▶ Supplied records:

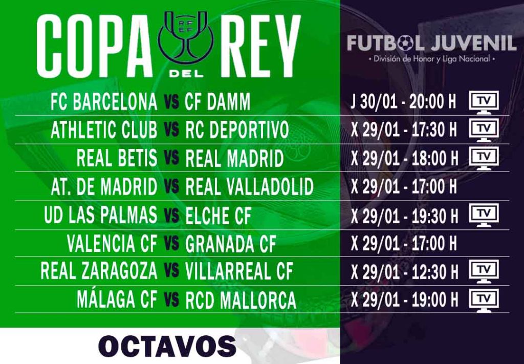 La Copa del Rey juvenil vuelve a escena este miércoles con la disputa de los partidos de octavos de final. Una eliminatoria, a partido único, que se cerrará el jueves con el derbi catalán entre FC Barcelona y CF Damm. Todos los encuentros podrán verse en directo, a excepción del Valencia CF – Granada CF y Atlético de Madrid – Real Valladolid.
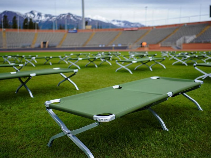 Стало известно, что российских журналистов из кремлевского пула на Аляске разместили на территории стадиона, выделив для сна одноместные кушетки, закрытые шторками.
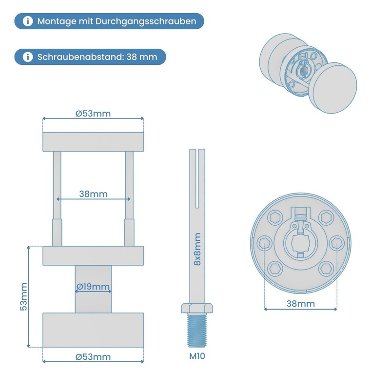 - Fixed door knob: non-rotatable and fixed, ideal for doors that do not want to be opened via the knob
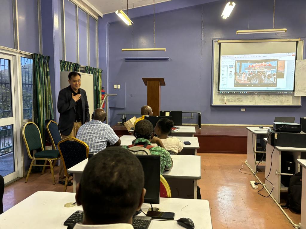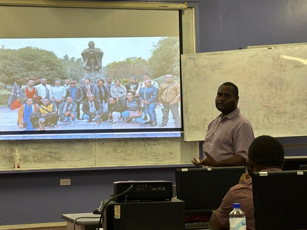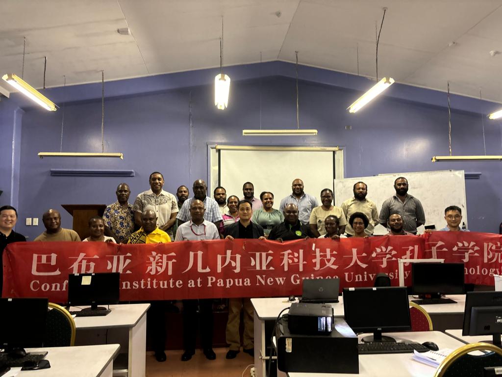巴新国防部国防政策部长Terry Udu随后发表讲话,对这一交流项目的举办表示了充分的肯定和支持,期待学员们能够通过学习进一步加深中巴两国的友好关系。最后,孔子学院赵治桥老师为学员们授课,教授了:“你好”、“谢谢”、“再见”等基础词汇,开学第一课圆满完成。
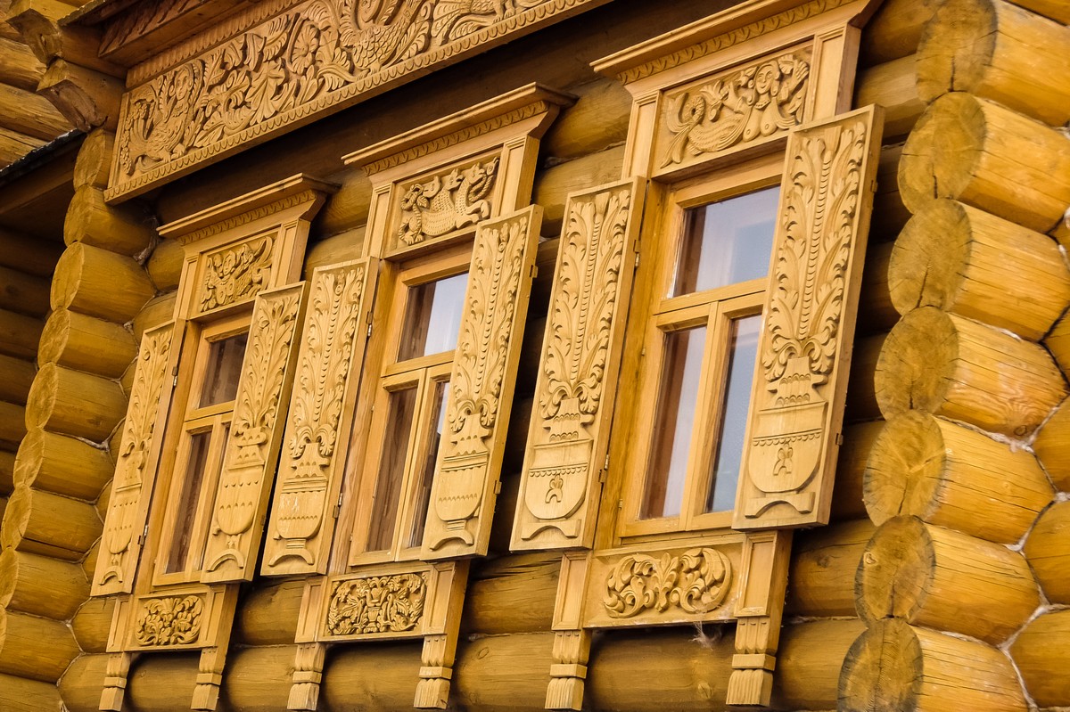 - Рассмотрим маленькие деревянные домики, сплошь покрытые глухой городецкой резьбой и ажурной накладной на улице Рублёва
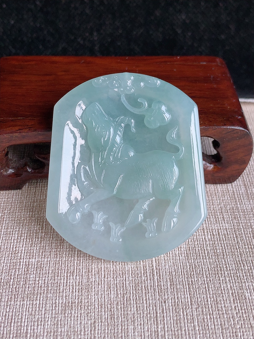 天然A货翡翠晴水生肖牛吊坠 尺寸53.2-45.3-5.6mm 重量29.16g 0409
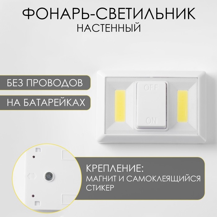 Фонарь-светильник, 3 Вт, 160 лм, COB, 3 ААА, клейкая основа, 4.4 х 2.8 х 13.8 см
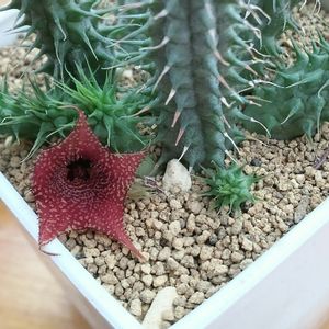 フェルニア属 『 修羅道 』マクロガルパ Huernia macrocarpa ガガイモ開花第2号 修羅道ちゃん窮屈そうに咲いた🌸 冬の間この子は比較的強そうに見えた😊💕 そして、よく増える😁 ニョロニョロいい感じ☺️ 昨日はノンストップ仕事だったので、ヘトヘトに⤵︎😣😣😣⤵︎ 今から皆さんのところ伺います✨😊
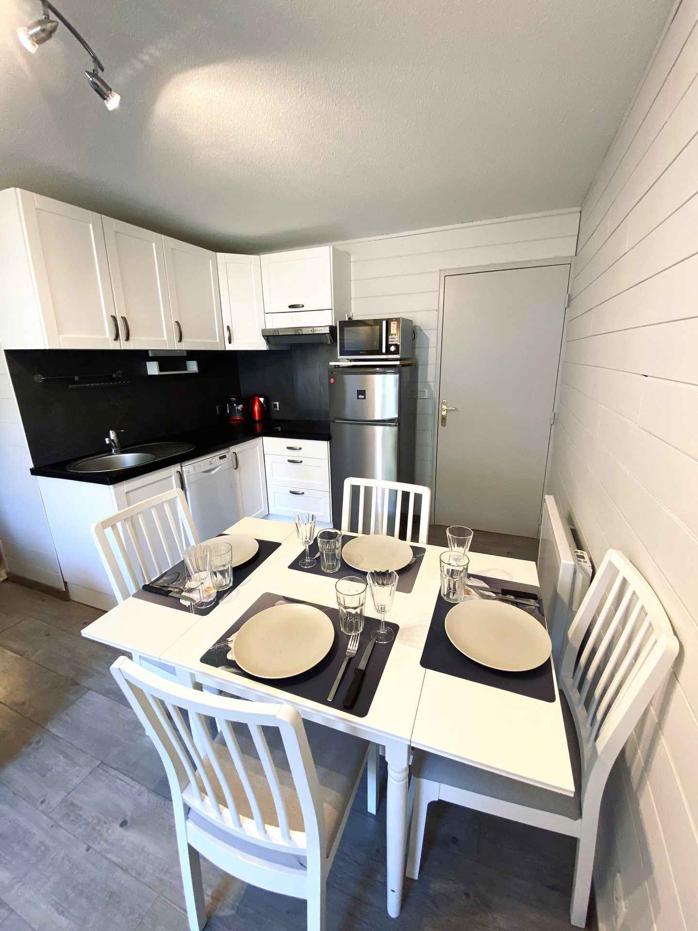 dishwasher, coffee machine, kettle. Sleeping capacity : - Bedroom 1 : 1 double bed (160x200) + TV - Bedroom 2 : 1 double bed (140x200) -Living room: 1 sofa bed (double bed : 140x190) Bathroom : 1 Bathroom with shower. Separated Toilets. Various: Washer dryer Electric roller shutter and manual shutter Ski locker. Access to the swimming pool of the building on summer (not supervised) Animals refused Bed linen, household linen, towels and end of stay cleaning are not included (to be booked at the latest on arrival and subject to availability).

▶ How to complete this task:
Each entry is to be output exactly, and no picture is to appear.

▶ Completed task:
 La Copa del Rey juvenil vuelve a escena este miércoles con la disputa de los partidos de octavos de final. Una eliminatoria, a partido único, que se cerrará el jueves con el derbi catalán entre FC Barcelona y CF Damm. Todos los encuentros podrán verse en directo, a excepción del Valencia CF – Granada CF y Atlético de Madrid – Real Valladolid.
 Стало известно, что российских журналистов из кремлевского пула на Аляске разместили на территории стадиона, выделив для сна одноместные кушетки, закрытые шторками.
 - Fixed door knob: non-rotatable and fixed, ideal for doors that do not want to be opened via the knob
巴新国防部国防政策部长Terry Udu随后发表讲话,对这一交流项目的举办表示了充分的肯定和支持,期待学员们能够通过学习进一步加深中巴两国的友好关系。最后,孔子学院赵治桥老师为学员们授课,教授了:“你好”、“谢谢”、“再见”等基础词汇,开学第一课圆满完成。
 - Рассмотрим маленькие деревянные домики, сплошь покрытые глухой городецкой резьбой и ажурной накладной на улице Рублёва
 天然A货翡翠晴水生肖牛吊坠 尺寸53.2-45.3-5.6mm 重量29.16g 0409
 Фонарь-светильник, 3 Вт, 160 лм, COB, 3 ААА, клейкая основа, 4.4 х 2.8 х 13.8 см
 フェルニア属 『 修羅道 』マクロガルパ Huernia macrocarpa ガガイモ開花第2号 修羅道ちゃん窮屈そうに咲いた🌸 冬の間この子は比較的強そうに見えた😊💕 そして、よく増える😁 ニョロニョロいい感じ☺️ 昨日はノンストップ仕事だったので、ヘトヘトに⤵︎😣😣😣⤵︎ 今から皆さんのところ伺います✨😊
 dishwasher, coffee machine, kettle. Sleeping capacity : - Bedroom 1 : 1 double bed (160x200) + TV - Bedroom 2 : 1 double bed (140x200) -Living room: 1 sofa bed (double bed : 140x190) Bathroom : 1 Bathroom with shower. Separated Toilets. Various: Washer dryer Electric roller shutter and manual shutter Ski locker. Access to the swimming pool of the building on summer (not supervised) Animals refused Bed linen, household linen, towels and end of stay cleaning are not included (to be booked at the latest on arrival and subject to availability).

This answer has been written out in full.